◆ Assignment
Among the entries below, find the lines with the word "Intiga" and return them.

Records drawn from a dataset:
***

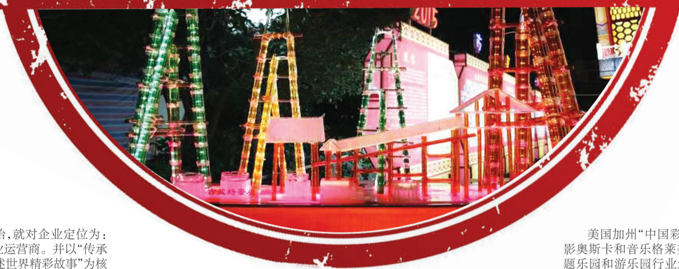
玻璃吹 塑灯·古盐场 景观。

集团成立伊始,就对企业定位为:全球灯彩文化产业运营商。并以“传承中国优秀文化 讲述世界精彩故事”为核心理念,以“用灯彩文化诠释中国精神为世界文化贡献中国价值”为使命,以“破局 亮剑”为企业文化,旨在通过自身努力,实现自贡灯彩文化行业的转型升级,引领产业未来发展方向。在经营思路,摆脱了“就灯言灯”的思维方式,密切关注中国文化走出去、全域旅游、美丽乡村、特色小镇、夜游经济、城市亮化、产业链完善和资源整合等领域,更加重视未来发展方向;创建了以中华灯彩和灯会为载体的区域性文化旅游品牌的商业模式,以文化创意和自贡制灯技艺所蕴含的无限创造能力,为区域性文化旅游品牌提供白加黑(白天和夜晚),一加三(四季)等丰富的内容;以合作共赢的理念和实践获得市场三权(主动权、话语权、定价权);以携手并肩,长期合作的方式赢得未来发展空间等等。
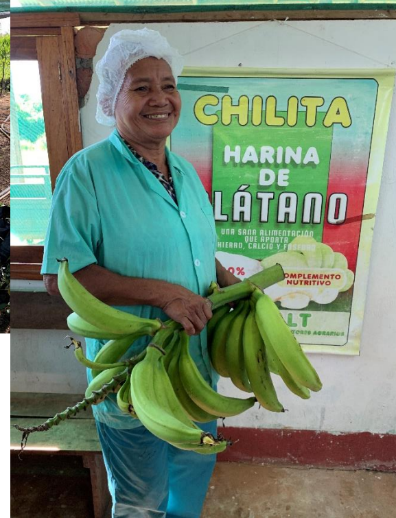
Cooperativas y asociaciones
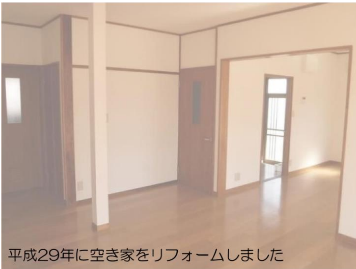
平成29年に空き家をリフォームしました
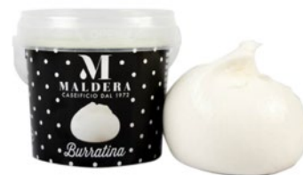
BURRATINA IN BARATTOLO Little burrata in a jar Cod: 0026759 - 100 g
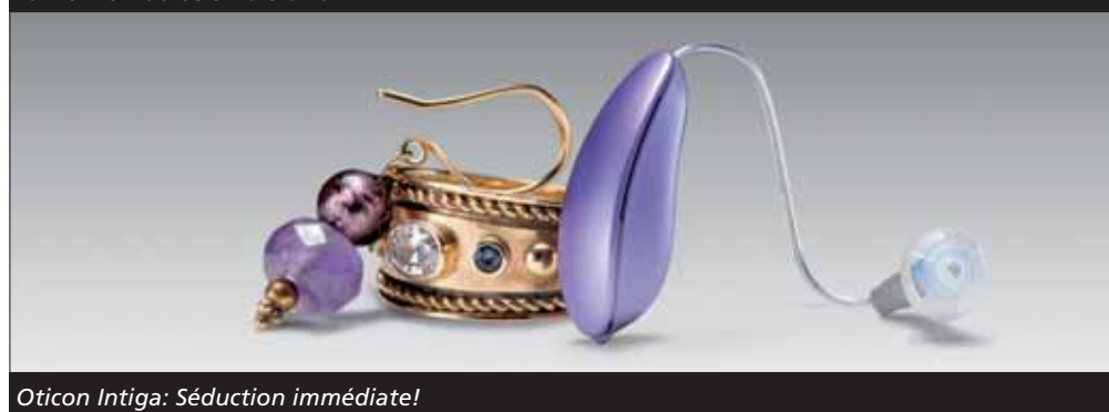
Oticon Intiga: Séduction immédiate!

étaient nécessaires avant d'obtenir un résultat acceptable, il en va tout autrement avec Intiga. Son fonctionnement permet d'obtenir une amélioration instantanée de l'audition et surtout de la compréhension. Le processus d'habituation est donc en conséquence accéléré ! Par ailleurs et malgré sa taille minuscule, Intiga permet de se connecter sans fil à la télévision, à son natel et au téléphone fixe. Pour ce faire, un petit accessoire supplémentaire, le Streamer, fait office de relai sans fil et de télécommande.
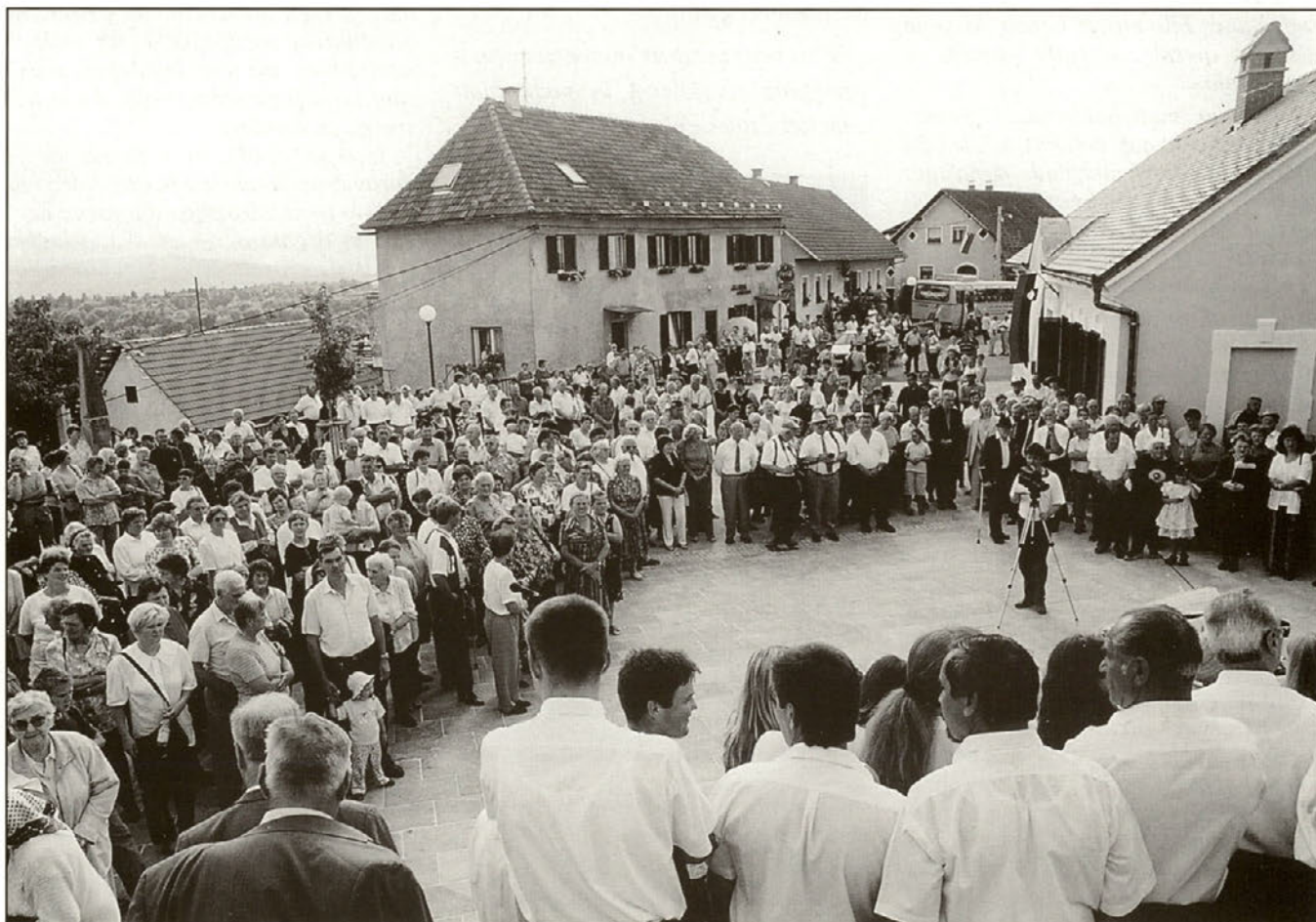
Osrednje proslave ob Dnevu državnosti se je udeležilo veliko ljubiteljev Ptujске Gore.

Le nekaj ur po regijskem srečanju invalidov se je dogajanje preselilo na trg Ptujška Gora, kjer je potekala proslava ob Dnevu državnosti in kasneje odprtje obnovljenega trga na Ptujski Gori.

***

◆ Answer section
Oticon Intiga: Séduction immédiate!
étaient nécessaires avant d'obtenir un résultat acceptable, il en va tout autrement avec Intiga. Son fonctionnement permet d'obtenir une amélioration instantanée de l'audition et surtout de la compréhension. Le processus d'habituation est donc en conséquence accéléré ! Par ailleurs et malgré sa taille minuscule, Intiga permet de se connecter sans fil à la télévision, à son natel et au téléphone fixe. Pour ce faire, un petit accessoire supplémentaire, le Streamer, fait office de relai sans fil et de télécommande.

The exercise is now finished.